Keratoconus en crosslinking


Op de afbeelding ziet u links een ‘normaal’ hoornvlies, rechts keratoconus.
 

Wat is keratoconus?

Kenmerkend voor deze aandoening is dat de vorm van het hoornvlies van een regelmatige kromming verandert naar een minder regelmatige kromming, namelijk een meer puntige vorm. Het gevolg van deze kegelvorm is dat de gezichtsscherpte kan verminderen.

Keratoconus is erfelijk en komt vaker voor bij mensen met astma, eczeem en (oog)allergieën. Door het wrijven in de ogen treedt er verzwakking van het hoornvlies op.
De aandoening komt meestal aan beide ogen voor, maar regelmatig is het ene oog sneller of zwaarder aangetast dan het  andere.

Achteruitgang en vervorming van het zicht zijn de eerste symptomen van keratoconus, samen met het groter worden van de lichtcirkels die u ziet rondom lichtbronnen (halo’s). Andere symptomen zijn dubbelzien en lichtschuwheid.

Meestal komt keratoconus bij oudere tieners of vroege twintigers tot uiting. Dan evolueert de aandoening over een periode van 10 tot 20 jaar en stabiliseert uiteindelijk spontaan. De kans op een verdere achteruitgang van de aandoening na de leeftijd van 35 jaar is zeer klein. 

Omdat de vorm van het hoornvlies onregelmatig is, kan de gezichtsscherpte vaak niet optimaal worden verbeterd met een bril. Contactlenzen kunnen vaak nog wel een verbetering van de gezichtsscherpte geven. Er zijn verschillende types en soorten van contactlenzen op de markt die een goede gezichtsscherpte kunnen geven bij patiënten met een keratoconus. Hiervoor kunnen wij u helpen bij onze contactlensspecialist.

Indien er sprake is van een toename van de vormafwijking van het hoornvlies, kunnen contactlenzen soms op lange termijn niet meer verdragen worden. Ook kan het zicht soms, ondanks speciale contactlenzen, verminderd zijn. Als het zicht verminderd is en niet meer met een bril of contactlenzen voldoende kan verbeterd worden, is een hoornvliestransplantatie de meest gebruikelijke behandeling voor keratoconus (zie paragraaf hoornvliestransplantaties).

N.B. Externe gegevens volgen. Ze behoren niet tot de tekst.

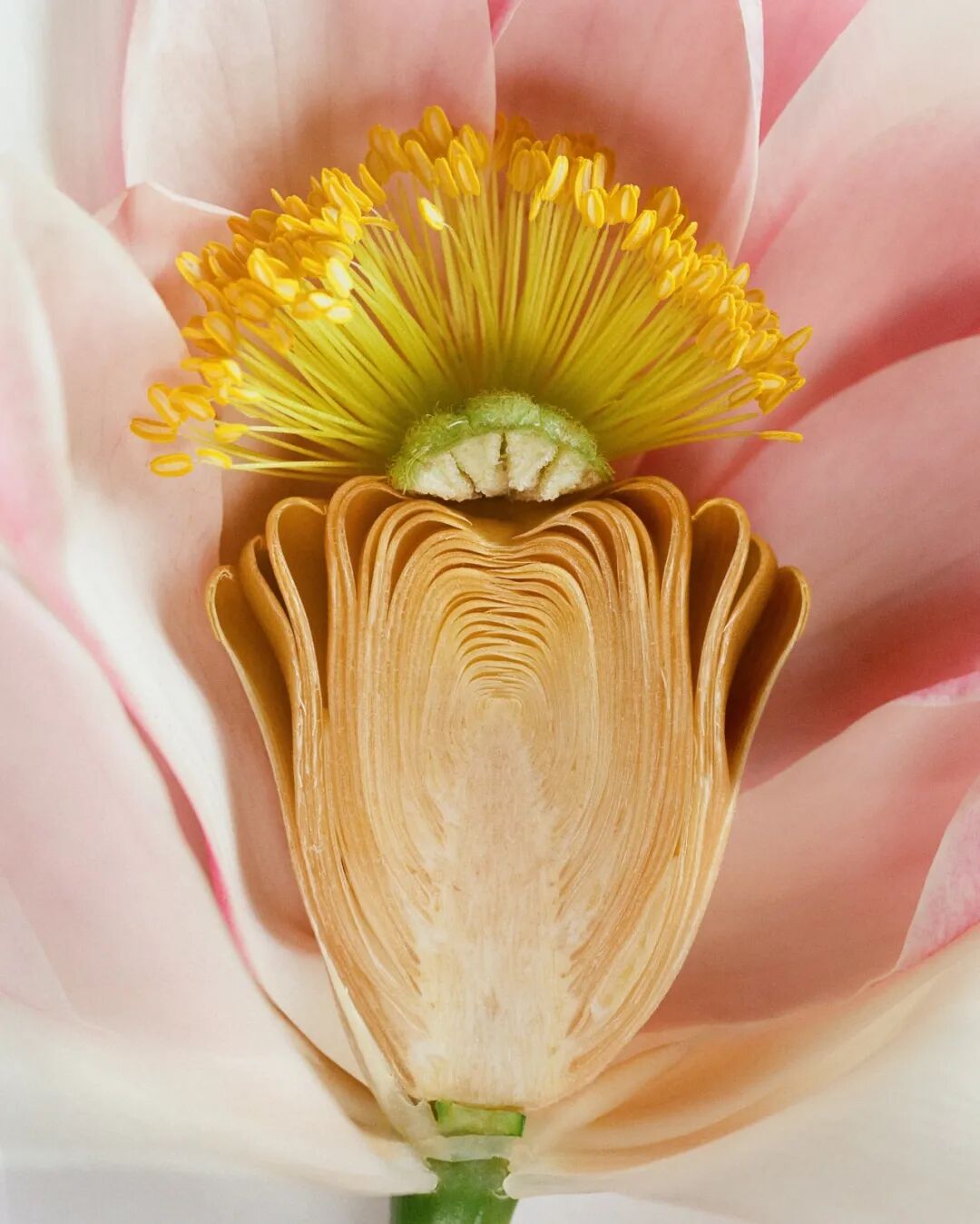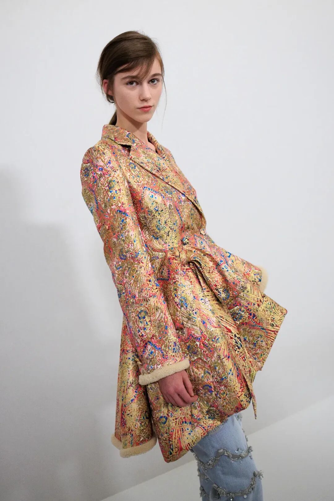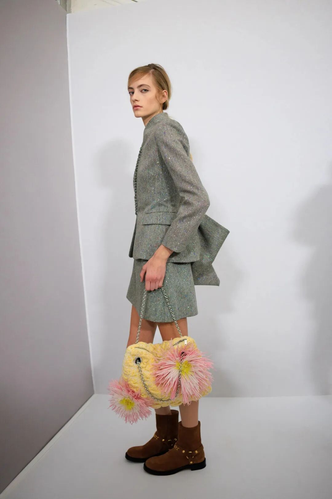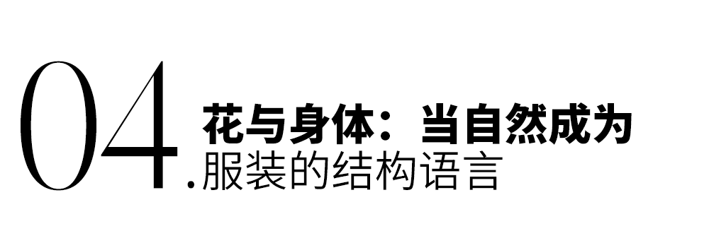 花朵几乎贯穿了整个系列,但它们并不是简单地以图案形式出现,而是逐渐渗入到结构、体量与轮廓之中,让衣服看起来像是从植物形态中慢慢生长出来。

Bij een hoornvliestransplantatie wordt het centrale deel van het eigen puntvormige hoornvlies vervangen door een normaal gevormd hoornvlies van een donor. Ook na een hoornvliestransplantatie kan het zicht verminderd zijn door een onregelmatige vorm van het hoornvlies of door afstoting van het donortransplantaat. Na een transplantatie is het oog blijvend minder stevig en zal men altijd voorzichtig moeten zijn met contactsporten.

Omdat er diverse nadelen verbonden zijn aan een hoornvliestransplantatie wordt altijd overwogen of een alternatieve behandeling mogelijk is. Een van die alternatieven is de crosslinking behandeling, namelijk versteviging van het hoornvlies met behulp van UVbelichting en vitamine B2 druppels. 
 

Wanneer komt u in aanmerking voor een crosslinking behandeling?

De  keratoconus dient progressief te zijn of toe te nemen en het hoorvlies dient nog 400 µm dik te zijn.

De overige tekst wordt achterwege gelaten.